BY JACQUELINE PRIMO LEMMON
As students walked into the Rev. Samuel Lovett’s Schoolhouse classroom one morning early in the Winter Term, they were met with the swelling notes of the iconic score from the 1968 movie “2001: A Space Odyssey.” There was also a slide on Lovett’s whiteboard: a description of Zoroastrianism, one of the world’s oldest organized faiths.
The disparate media weren’t there in error. Instead, they were an illustration of the duality at the core of Lovett’s new humanities elective, Speculative Fiction: Eden to Earthseed, a course he designed and is teaching for the first time this year.
“I had the idea for developing a speculative fiction course while teaching our Science, Philosophy and Religion elective,” he explains. “My hope was that Eden to Earthseed could become a literary version of this philosophy course, investigating through fiction how religion and science have related to each other over time. I hope students will come away … as inspired readers who can apply the ethical questions we encounter to all their other courses, and world events.”

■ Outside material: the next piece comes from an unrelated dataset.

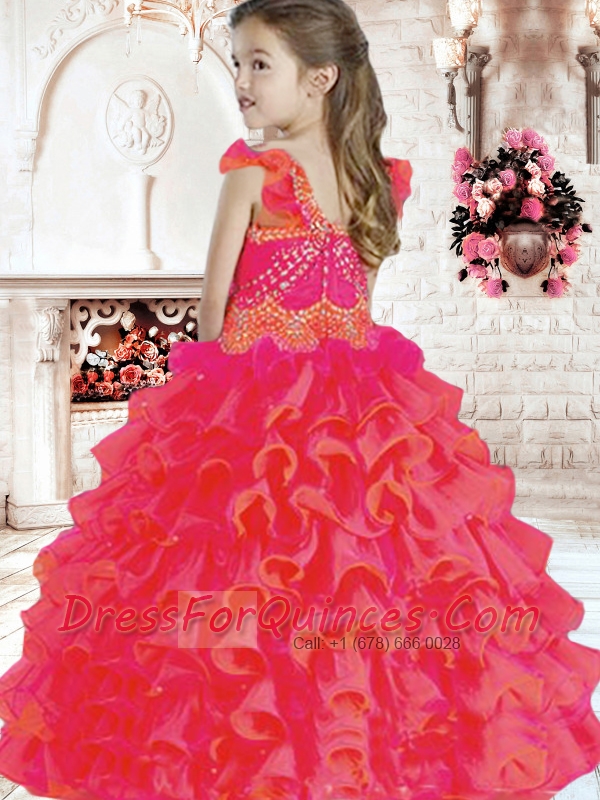 Pretty Scoop 2014 Little Girl Pageant Dress with Beading Ruffles in Red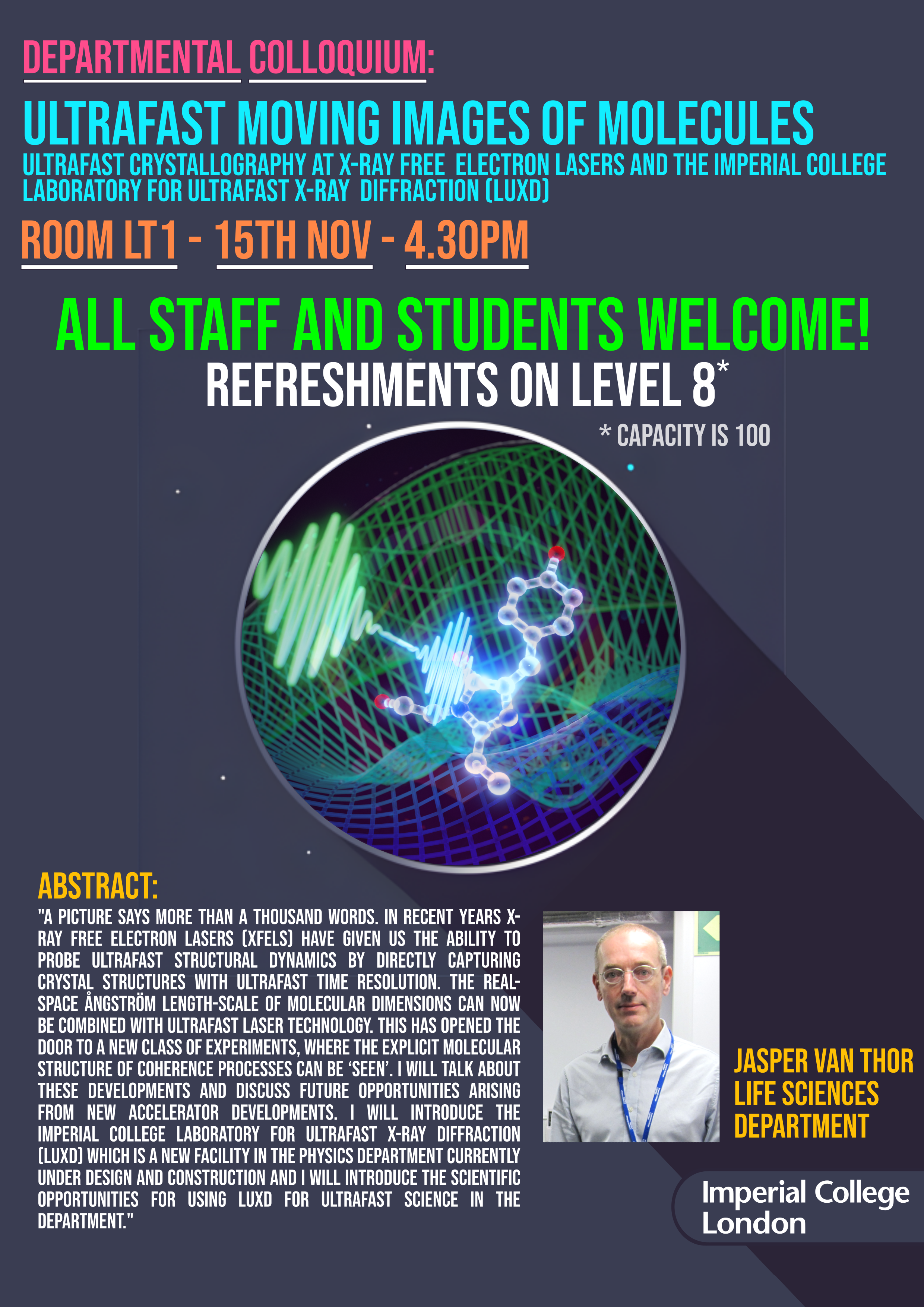 A picture says more than a thousand words. In recent years X-ray free electron lasers (XFELs) have given us the ability to probe ultrafast structural dynamics by directly capturing crystal structures with ultrafast time resolution. The real-space Ångström length scale of molecular dimensions can now be combined with ultrafast laser technology. This has opened the door to a new class of experiments, where the explicit molecular structure of coherence processes can be ‘seen’. I will talk about these developments and discuss future opportunities arising from new accelerator developments. I will introduce the Imperial College Laboratory for Ultrafast X-ray Diffraction (LUXD) which is a new facility in the physics department currently under design and construction and I will introduce the scientific opportunities for using LUXD for ultrafast science in the department.

The grandson of the Rev. Sidney Lovett Jr. ‘46, Lovett has been at St. Paul’s School since 2020. He’s now in his fourth year teaching the core course Humanities V as well as a rotating series of religion electives that includes Religion, Race and Gender. One of three School chaplains, Lovett also works with both his colleagues and the student Chapel Council to plan the four-mornings-a-week chapel program.
Coming to SPS in part represents the answer to a question Lovett had long asked himself: “What makes a good community?” After college, he worked in politics and public policy for two years with the idea of making an impact at the community level; it was when he was working toward his master’s in divinity at Boston University that he discovered school chaplaincy. “I saw youth ministry and working with young people as a form of community organizing. How do you use the best resources of the community to help support the formations of young people?” Lovett asks.

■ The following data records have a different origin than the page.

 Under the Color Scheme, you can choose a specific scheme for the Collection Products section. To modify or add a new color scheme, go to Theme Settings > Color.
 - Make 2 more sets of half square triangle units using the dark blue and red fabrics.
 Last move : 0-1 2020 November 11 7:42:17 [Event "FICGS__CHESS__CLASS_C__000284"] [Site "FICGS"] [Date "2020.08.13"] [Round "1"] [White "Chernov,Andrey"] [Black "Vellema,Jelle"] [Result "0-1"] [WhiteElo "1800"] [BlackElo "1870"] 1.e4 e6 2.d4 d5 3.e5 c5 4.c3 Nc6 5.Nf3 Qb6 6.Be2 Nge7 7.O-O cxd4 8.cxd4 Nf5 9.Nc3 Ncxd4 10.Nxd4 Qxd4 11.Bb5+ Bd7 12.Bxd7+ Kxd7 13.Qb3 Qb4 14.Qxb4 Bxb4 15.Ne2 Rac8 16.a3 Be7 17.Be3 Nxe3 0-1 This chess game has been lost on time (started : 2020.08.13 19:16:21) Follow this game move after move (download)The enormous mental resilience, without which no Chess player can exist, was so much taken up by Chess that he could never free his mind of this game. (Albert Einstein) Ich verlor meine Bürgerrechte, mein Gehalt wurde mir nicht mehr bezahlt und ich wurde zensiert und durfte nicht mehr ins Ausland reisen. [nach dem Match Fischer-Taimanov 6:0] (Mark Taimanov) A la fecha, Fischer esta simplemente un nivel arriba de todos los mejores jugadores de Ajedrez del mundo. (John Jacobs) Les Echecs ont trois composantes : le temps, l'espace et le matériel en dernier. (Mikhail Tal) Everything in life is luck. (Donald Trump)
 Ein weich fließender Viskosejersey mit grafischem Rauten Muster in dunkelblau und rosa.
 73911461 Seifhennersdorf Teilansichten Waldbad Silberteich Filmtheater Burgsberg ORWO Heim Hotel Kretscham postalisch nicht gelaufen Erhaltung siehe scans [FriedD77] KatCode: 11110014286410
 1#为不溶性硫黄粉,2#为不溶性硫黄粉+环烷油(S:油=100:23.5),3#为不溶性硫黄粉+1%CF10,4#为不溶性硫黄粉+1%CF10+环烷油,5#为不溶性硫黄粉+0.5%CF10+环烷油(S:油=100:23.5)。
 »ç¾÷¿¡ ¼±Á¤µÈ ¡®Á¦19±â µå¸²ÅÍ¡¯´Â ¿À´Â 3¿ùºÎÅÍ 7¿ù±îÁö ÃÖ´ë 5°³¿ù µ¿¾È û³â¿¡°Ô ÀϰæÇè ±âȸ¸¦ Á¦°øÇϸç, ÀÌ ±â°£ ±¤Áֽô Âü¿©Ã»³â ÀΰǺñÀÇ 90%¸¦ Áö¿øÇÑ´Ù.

Lovett describes humanities classes as “team sports” that require students to work together, hear different perspectives and learn from the insights of others. In that regard, he says, humanities complements the chapel program. “The commitments of the School are to create an ethical community where all people are welcomed, are connected through our shared rituals and our shared observances and processes of meaning-making. … So our goal to incorporate and engage and invite together people of many traditions, to have that represented in the readings and songs, is front and center in creating that hospitable, engaging, interconnected environment,” Lovett says.
In class or at the pulpit, Lovett’s voice is welcoming and unhurried, every word given the same gentle emphasis. Around the Harkness table during his Speculative Fiction class, he encourages students to engage in discussion on the material or themes and allows their dialogue to guide the class. He offers encouragement and answers questions, and if he doesn’t have the answer, he says so: “I’ll do more reading on that and get back to you.”
We’re not a group of practitioners, we’re a group of scholars,” he adds. “There are many ways to think about this question; propose ideas and work to support them with imagination and evidence.”
The class that begins with the musical score to “2001: A Space Odyssey” ends with Lovett posing this question to the group: “What qualities of fiction are powerful enough to influence visions of the future and inspire change?” It’s an open query that invites exploration, fosters connectedness between students and leaves space for every perspective, a perfect example of the community focus Lovett brings to every aspect of his work at SPS.